Nari, one of the most exciting Thai restaurants in the nation, is back open indoors as of June 2021 and it feels so good. Nari is the Sanskrit-derived Thai word for “women,” appropriate for this gifted team helmed by executive chef Pim Techamuanvivit, who, with chef de cuisine Meghan Clark, celebrates recipes from Pim’s family and her deep study of antique Thai cookbooks.

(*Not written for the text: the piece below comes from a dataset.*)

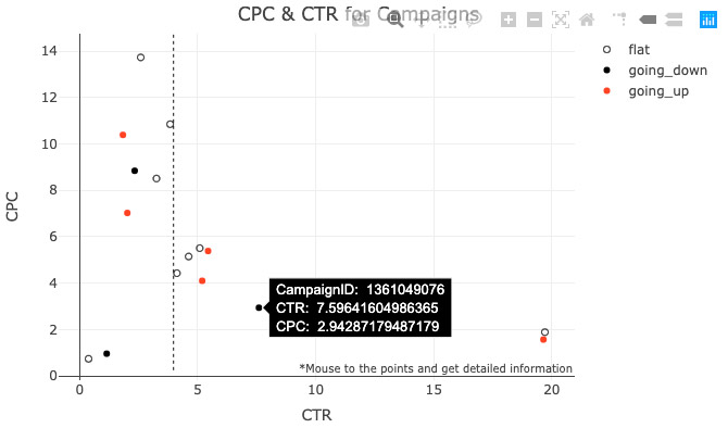 - Most campaigns have a flat or downward trend of CPC, which means that all of these campaigns worked well in this time period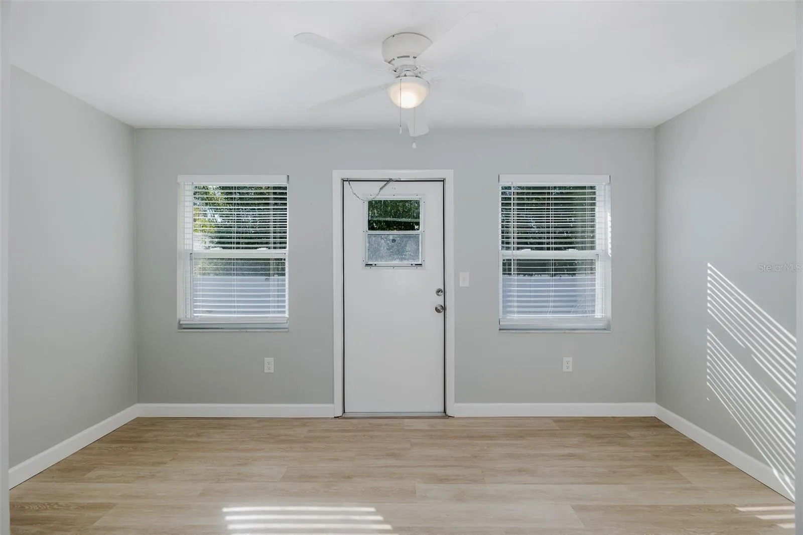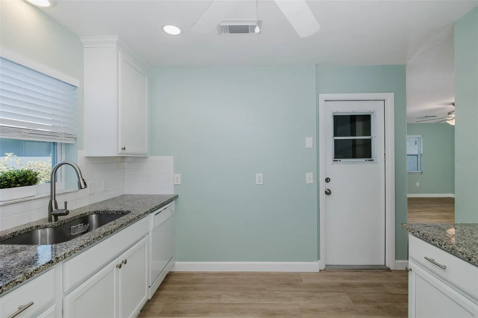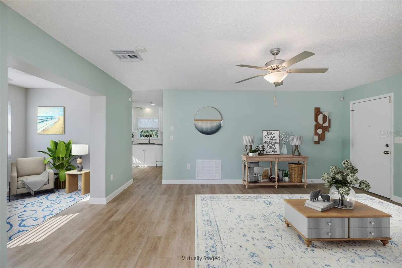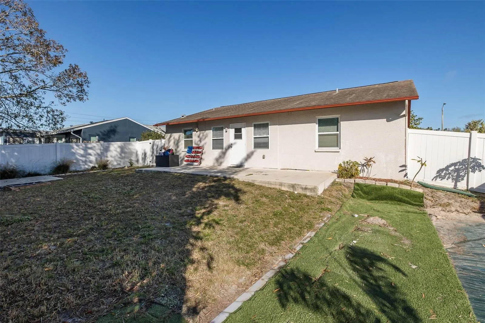 One or more photo(s) has been virtually staged. Welcome to this updated and move-in-ready 2-bedroom, 1-bath home with a 1-car garage. Offering a functional layout and modern finishes throughout. The home sits slightly elevated, providing added peace of mind and enhanced curb appeal. Features a screened-in front porch—perfect for enjoying morning coffee or evening breezes. The bright, open living room features luxury vinyl plank flooring, fresh neutral paint, and ceiling fans, creating a comfortable and inviting space. The updated kitchen includes white cabinetry, granite countertops, tile backsplash, and a complete appliance package, ideal for everyday living or entertaining. Both bedrooms are generously sized with ample natural light, and the renovated bathroom showcases modern tilework, a tub/shower combination, and an updated vanity. A bonus flex space offers the perfect opportunity for a home office, hobby room, or additional seating area. Enjoy outdoor living in the fully fenced backyard, complete with a concrete patio—ideal for grilling, relaxing, or entertaining. Additional highlights include an attached garage with laundry access! Short drive to Fred Howard Beach, Tampa airport, shopping, dining, schools, and major roadways, this home offers comfort, functionality, and value.

Clark started working with Pim when Pim opened her Michelin-starred sister restaurant, Kin Khao, in 2014. Nari is the more upscale of the two with refined cocktails and a greenery-lined space. New dishes wow, like Fort Bragg black cod gaeng kua curry redolent with Thai basil, hearts of palm and lightly charred pineapple. Ditto a summer-rich yum polami savory melon salad, savory and sweet with white soy, chili, coconut and herbs. Even peanut and cilantro-dusted grilled Monterey squid and pork jowl dish features pork so caramelized and tender, it’s as seductive as candy. // 1625 Post Street,

Presidio Social Club’s new outdoor deck

Presidio Social Club, The Presidio
As many longtimers continue to return to life, the Presidio Social Club Exchange reopened for weekend brunch, lunches and Thursday through Sunday dinners (including their new Sunday Supper “greatest hits” prix fixe menu). It almost feels like a whole new restaurant with its new, expansive deck made of Monterey Cypress and PSC’s just-opened seasonal gift shop and marketplace, which offers everything from flowers to picnic provisions. It feels so right dining in the Presidio under towering trees on chef Ray Tang’s addictive spice-fried Cornish game hen in charred scallions, chilis, peanuts and cilantro, or uber-tender Brandt Ranch beef short ribs with vegetable potato hash salad. // 563 Ruger Street,


Just Enough Wines: Launched in September 2020 by two women who met at Stanford, Just Enough Wines is an SF-based company featuring canned wines they personally source from California grapes plus chardonnay from Oregon’s Willamette Valley. With bubbly, rosé, chardonnay, pinot noir — and currently producing their first wine themselves, releasing late 2022 or 2023 — Just Enough’s clean, modern cans and quality wines are steadily becoming available in more states (where to find here).
Strainge Beast Kombuchas: This new line from our neighbor up north in Chico — and among the earliest pioneers of the craft beer movement, Sierra NevadaStrainge Beast hard kombuchas (yes, that’s the correct spelling) are pretty damn fabulous. They’re balanced and crushable, but also offering unique flavors, inspired by cocktail recipes and bartenders. This inspiration shows in creative combos like watermelon-sea salt-lime-mint or unexpected standouts like blueberry-acai-sweet basil. This is “next level” kombucha, born and made in NorCal.